Без карты было трудно определить, куда ведет тот или другой канал. Откуда в конечном итоге течет вода, что подается в соседний дом – с дороги Пемба или с улицы Занзиба! Как ребенок, не имеющий понятия о том, что где-то есть четкий план, согласно которому строилась вся система (а скорее оберегающий свои чудеса от прагматизма взрослых), Йалин и ее друзья связали себя клятвой положить конец загадке водных путей. Добиться этого они вознамерились, бесстрашно забираясь на парапеты самых высоких, центральных, акведуков и пуская оттуда бумажные кораблики с метками. Потом они мчались, забегая далеко вперед по течению акведука, чтобы поймать их. Уже тогда, пуская бумажные кораблики, Йалин определила свое будущее женщины реки.

Однажды ее брат Капси попытался испортить это чудесное развлечение: он начертил чернилами диаграмму системы и преподнес им настоящий план, как он заявил, полученный путем наблюдений и умозаключений.

Йалин и ее друзья схватили план. В яростном раздражении, что Капси оказался слеп к неписаным правилам их игры, их волшебной гонки за корабликами, они разорвали план и сплавили обрывки по течению.

Но волшебство исчезло. Сорванцы не лазили больше на парапеты: Кроме того, имели место два случая снятия их оттуда рабочими водной гильдии с последующим прочтением нарушителям назидательных речей. Капси, со своей стороны, замкнулся и отдалился от них после этого. Он сконцентрировал свое внимание на дальнем береге, который был тогда под запретом…

Так, пока она шла по улице, насвистывая один и тот же мотивчик, ее мысли все возвращались и возвращались в прошлое. Теперь мотивчик внезапно вернул ее к действительности.

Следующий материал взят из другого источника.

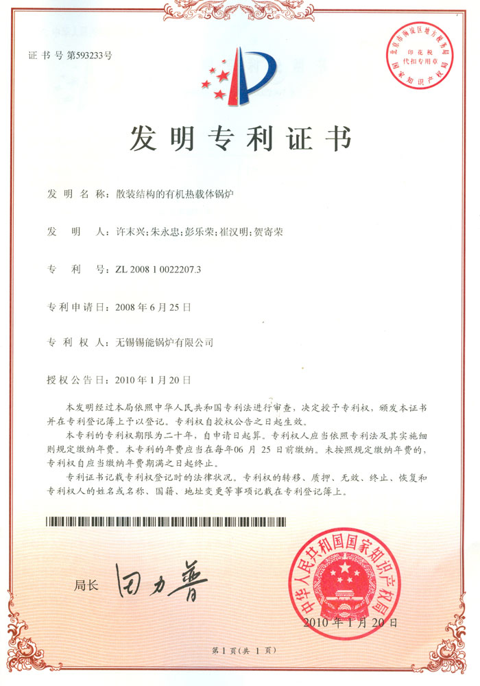 • 发明专利200810022207.3散装结构的有机热载体锅炉

Розы действительно цвели. Они вились по стенам садов и переползали на улицу. Вот «Зеферин Друен» – роза без шипов, с карминово-красными цветами и сладким тягучим ароматом, что ощущался издалека. А это «Фелиция Перелету» раскрыла кремовые в алую крапинку бутоны. Впереди, нависая над плоскими крышами домов, маячила серая сфера: «первая ступень» воздушного шара! Когда Йалин была здесь в последний раз, только начиналось строительство каркаса из бамбуковой щепы. Она ускорила шаг и вскоре ступила на строительную площадку, откуда в ближайшие дни поднимется в небо воздушный шар.

Сразу же она встретила взгляды Тэма и Хассо, которые вместе трудились над корзиной. Когда она уплывала из Пекавара, никакой корзины не было и в помине.

Здесь работали и другие – она узнала Наблюдателя Торка и Фага из Гинимоя, – но смотрела она только на Хассо и Тэма.

На Тэма даже больше. Тэм.

Да, она любила его. Теперь она это знала. Она столько раз внушала себе эту любовь за время пути из Гинимоя. Тогда она обнаружила, что можно действительно научиться верить в любовь, надо только сконцентрироваться на ней; вновь и вновь вызывая в сознании образ своей любви – будто многократно повторяя музыкальный фрагмент, оттачивая мастерство до тех пор, пока его исполнение не станет таким же легким, как твое дыхание. О да, любовь – это высокое искусство, оно сродни серьезной музыке. Это искусство совершенно иное, чем искусность в любовных утехах, что были простой мелодией плоти. Только мелодией. Любовь была (могла быть, должна быть) симфонией, хоралом сердца.

И теперь могла разыграться настоящая музыкальная драма этой любви, хотя Хассо, второй ее бывший партнер по части исполнения любовных мелодий, конечно, должен остаться добрым другом.

Она бегом бросилась через площадку.

– Тэм! Хассо! Тэм!

Они обернулись. Хассо подался ей навстречу. Тэм шагнул за ним вслед, потому что его имя она назвала дважды; и с разбегу влетела в его объятия. Тэм крепко обнял ее, потом отпустил. Она закружилась, схватила за руки Хассо, но только пожала их.

Засмеялась:

– Я вернулась!

– Из логова диких псов, да? – Хассо озорно усмехнулся.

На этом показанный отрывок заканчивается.